This Boiling River in the Amazon kills anything that enters

Have you ever heard of the Amazon’s Boiling River, or Shanay-Timpishka, whose scalding hot water kills almost anything that enters?

Long the subject of mythical, spiritual and scientific fascination, theories have swirled as to why the river bubbles and froths. A man called Andrés Ruzo went to investigate the river and now works to protect it.
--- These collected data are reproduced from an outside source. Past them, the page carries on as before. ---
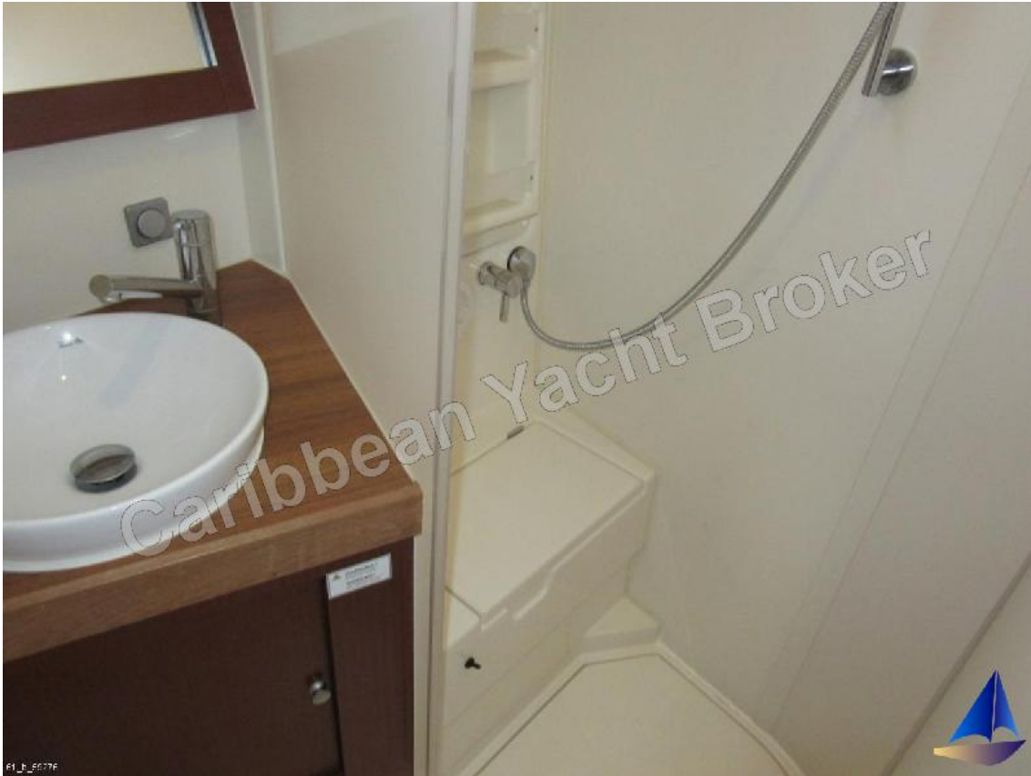
Bath / Toilet / Hanse 415 - 2015
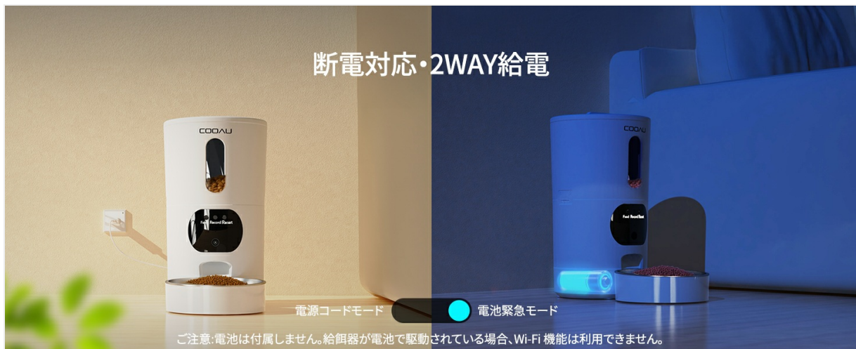
Image: The feeder can be powered by AC adapter or D-cell batteries for backup.
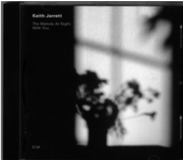
Keith Jarrett's "The Melody At Night With You", which was released in 1999.

As for many of us it took some time for Jarrett to get a diagnosis: "In the beginning, I just read and read, trying to figure out what the hell it could be", he says in the Los Angeles Times interview.
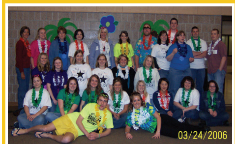
UW-Stout's members at Hawaiian night!

Beloit College *affiliated with Student WEA in April
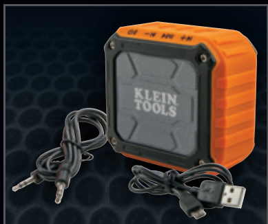
Includes 1/8" (3.5 mm) stereo auxiliary cable and micro USB-to-standard USB charging cable

Located in the heart of the Peruvian Amazon, the river is difficult to get to. It entails a flight from Peru’s capital, Lima, to Pucallpa, the largest city in the Peruvian Amazon. A lengthy drive along dirt roads follows, leading to the Pachitea River, one of the Amazon River’s large tributaries. Next comes a boat journey, approximately half an hour upstream, when the water’s temperature might begin to steadily rise. At first like bath water, but eventually scolding, this is the Shanay-Timpishka. 

The water is at its hottest at the lower portion of the roughly 5.5-mile (9km) long river. As wide as 100 feet (30m) and 4.5 m (about 15 ft) deep, the Shanay-Timpishka is more than a small stream. Its name translates as ‘boiled by the heat of the sun’, with shanay translating as “heat of the sun” and timpu being the verb, “to boil”.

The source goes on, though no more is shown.